The invention relates to a deep learning-oriented data credibility tracing marking method and system, wherein the method comprises the following steps: receiving data to be processed; performing iterative processing on the data to be processed and performing digital signature on the processing result data by using a digital certificate; and establishing a digital signature chain of an iterative process from the source data to the final processing result data based on the obtained plurality of digital signatures. The invention adopts the credible traceability chain formed by the digital signature to finish the credible traceability of the data processing iterative process, can avoid the performance loss caused by adopting the distributed block chain scheme, and is more suitable for the application scene of the rapid iterative processing of the data required by the deep learning.

Description

Deep learning-oriented data credible traceability marking method and system
Technical Field
The invention relates to the technical field of big data, in particular to a deep learning-oriented data credible traceability marking method and system.
Background
With the maturity of the blockchain technology, the blockchain technology is used as a solution of a general digital evidence chain, which can be used for data credibility tracing of deep learning, and although registration of the blockchain can ensure credibility of data iteration, a drawback that a historical block needs to be traversed at a slow retrieval speed exists during tracing.
Disclosure of Invention
The technical problem to be solved by the invention is to provide a data credible tracing marking method and system for deep learning, avoid performance loss caused by adopting a distributed block chain scheme, and are more suitable for an application scene of rapid iterative processing of data required by deep learning.

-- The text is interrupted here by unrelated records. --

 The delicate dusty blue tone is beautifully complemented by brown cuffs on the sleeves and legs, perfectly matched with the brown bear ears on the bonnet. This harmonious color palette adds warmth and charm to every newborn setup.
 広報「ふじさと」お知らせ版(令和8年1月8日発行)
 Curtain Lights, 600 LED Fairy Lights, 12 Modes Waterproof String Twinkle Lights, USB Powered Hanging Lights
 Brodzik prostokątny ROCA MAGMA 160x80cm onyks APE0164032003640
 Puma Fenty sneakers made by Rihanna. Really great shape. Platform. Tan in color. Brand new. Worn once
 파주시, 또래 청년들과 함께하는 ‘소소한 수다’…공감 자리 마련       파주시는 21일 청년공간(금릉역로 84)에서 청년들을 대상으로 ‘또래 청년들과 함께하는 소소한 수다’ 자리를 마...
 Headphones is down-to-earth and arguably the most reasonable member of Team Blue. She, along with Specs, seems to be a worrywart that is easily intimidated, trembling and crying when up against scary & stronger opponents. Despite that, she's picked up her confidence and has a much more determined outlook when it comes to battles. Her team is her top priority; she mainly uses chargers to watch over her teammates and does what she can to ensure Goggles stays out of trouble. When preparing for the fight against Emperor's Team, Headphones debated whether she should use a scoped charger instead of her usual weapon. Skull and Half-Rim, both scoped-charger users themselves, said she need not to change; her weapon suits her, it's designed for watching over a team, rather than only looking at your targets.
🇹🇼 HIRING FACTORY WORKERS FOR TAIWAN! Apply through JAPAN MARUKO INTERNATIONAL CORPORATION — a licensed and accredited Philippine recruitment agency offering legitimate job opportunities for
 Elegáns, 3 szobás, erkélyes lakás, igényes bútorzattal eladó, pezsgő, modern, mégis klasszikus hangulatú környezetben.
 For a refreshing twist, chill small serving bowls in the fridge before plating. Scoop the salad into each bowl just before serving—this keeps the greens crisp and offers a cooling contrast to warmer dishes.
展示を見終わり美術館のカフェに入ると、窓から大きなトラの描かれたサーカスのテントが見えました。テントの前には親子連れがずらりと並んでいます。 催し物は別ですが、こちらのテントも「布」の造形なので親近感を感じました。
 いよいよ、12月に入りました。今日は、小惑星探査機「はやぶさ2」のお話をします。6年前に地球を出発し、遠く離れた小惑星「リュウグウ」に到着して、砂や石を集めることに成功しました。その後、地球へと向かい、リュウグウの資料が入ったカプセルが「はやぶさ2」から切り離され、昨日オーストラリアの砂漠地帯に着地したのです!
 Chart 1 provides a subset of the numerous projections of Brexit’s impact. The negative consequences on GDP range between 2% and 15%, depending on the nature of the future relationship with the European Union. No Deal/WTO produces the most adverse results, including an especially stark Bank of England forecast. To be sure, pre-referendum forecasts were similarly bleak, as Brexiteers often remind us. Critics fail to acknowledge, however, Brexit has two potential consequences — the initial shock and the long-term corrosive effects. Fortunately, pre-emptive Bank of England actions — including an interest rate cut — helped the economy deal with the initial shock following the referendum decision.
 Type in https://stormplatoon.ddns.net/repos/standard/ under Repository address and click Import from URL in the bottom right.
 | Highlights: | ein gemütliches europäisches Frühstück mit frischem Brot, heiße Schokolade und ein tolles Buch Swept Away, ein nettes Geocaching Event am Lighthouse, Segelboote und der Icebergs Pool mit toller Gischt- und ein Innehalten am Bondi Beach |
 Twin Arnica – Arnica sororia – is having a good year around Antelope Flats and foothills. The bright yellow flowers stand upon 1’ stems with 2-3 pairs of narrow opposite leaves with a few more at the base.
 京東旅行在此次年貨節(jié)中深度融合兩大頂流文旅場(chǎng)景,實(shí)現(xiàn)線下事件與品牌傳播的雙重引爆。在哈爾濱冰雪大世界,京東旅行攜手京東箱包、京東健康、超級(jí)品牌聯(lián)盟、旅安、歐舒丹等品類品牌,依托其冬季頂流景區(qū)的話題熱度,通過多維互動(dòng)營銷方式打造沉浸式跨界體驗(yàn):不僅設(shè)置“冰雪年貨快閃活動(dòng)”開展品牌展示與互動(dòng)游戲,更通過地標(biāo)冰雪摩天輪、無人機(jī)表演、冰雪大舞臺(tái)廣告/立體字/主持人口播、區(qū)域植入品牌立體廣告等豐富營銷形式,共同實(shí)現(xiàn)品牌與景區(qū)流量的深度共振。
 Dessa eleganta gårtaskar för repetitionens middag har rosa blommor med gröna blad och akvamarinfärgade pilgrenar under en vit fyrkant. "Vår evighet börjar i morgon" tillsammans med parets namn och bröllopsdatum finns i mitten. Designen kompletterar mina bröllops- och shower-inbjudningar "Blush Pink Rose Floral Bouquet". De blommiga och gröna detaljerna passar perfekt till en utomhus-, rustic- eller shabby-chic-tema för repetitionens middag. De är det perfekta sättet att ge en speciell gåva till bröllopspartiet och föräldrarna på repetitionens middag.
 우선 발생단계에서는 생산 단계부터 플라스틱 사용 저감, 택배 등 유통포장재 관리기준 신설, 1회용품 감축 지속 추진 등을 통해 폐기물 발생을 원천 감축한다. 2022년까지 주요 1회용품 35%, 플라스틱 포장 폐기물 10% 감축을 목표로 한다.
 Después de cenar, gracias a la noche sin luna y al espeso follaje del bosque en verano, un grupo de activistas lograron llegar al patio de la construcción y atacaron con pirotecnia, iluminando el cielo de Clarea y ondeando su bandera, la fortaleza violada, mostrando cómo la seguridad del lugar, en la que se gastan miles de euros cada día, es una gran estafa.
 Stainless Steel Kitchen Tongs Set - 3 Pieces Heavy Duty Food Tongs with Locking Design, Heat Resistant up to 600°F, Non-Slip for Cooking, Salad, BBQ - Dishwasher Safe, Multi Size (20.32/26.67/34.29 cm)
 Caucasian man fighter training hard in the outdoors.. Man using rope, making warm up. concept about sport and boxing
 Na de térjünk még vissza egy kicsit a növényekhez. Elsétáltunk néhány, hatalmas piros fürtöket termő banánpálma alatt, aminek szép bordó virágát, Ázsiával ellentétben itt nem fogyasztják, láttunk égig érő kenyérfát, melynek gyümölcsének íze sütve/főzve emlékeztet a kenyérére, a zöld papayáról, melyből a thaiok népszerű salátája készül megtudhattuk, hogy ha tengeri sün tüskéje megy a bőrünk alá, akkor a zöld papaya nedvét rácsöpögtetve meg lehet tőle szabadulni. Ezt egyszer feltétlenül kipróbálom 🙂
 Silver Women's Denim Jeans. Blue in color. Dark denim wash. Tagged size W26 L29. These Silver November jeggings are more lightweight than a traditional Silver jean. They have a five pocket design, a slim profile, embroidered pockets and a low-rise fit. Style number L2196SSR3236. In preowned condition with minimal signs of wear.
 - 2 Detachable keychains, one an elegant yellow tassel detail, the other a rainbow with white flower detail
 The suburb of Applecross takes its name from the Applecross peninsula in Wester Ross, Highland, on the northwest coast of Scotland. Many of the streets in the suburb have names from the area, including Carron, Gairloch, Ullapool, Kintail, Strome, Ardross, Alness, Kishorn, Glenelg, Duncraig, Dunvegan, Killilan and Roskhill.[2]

The technical scheme adopted by the invention for solving the technical problems is as follows: the deep learning-oriented data credibility tracing marking method comprises the following steps:
receiving data to be processed;
performing iterative processing on the data to be processed and performing digital signature on the processing result data by using a digital certificate;
and establishing a digital signature chain of an iterative process from the source data to the final processing result data based on the obtained plurality of digital signatures.
After receiving the data to be processed, the method also comprises the step of verifying the digital signature attached to the data to be processed so as to confirm the credibility of data input.
Before receiving the data to be processed, the method also comprises the step of receiving the digital certificate facing deep learning and issued by a central digital certificate authority.
The iterative processing of the data to be processed and the digital signature of the processing result data by using the digital certificate are specifically as follows:
carrying out iterative processing on the data to be processed to obtain processing result data;
merging the digital signature of the data to be processed and the processing result data into basic information;
digitally signing the base information using the digital certificate.
The data credibility tracing marking method facing the deep learning further comprises the following steps: and sequentially verifying through the digital signature chain to trace and confirm the credibility of the whole data processing iteration process.
The technical scheme adopted by the invention for solving the technical problems is as follows: the deep learning oriented data credibility tracing marking system comprises:
the first receiving module is used for receiving data to be processed;
the processing signature module is used for carrying out iterative processing on the data to be processed to obtain processing result data and carrying out digital signature on the processing result data by using a digital certificate;
and the digital signature chain construction module is used for establishing a digital signature chain of an iterative process from the source data to the final processing result data based on the obtained plurality of digital signatures.
The data credibility tracing marking system facing the deep learning further comprises: and the verification module is used for verifying the digital signature attached to the data to be processed so as to confirm the credibility of the data input.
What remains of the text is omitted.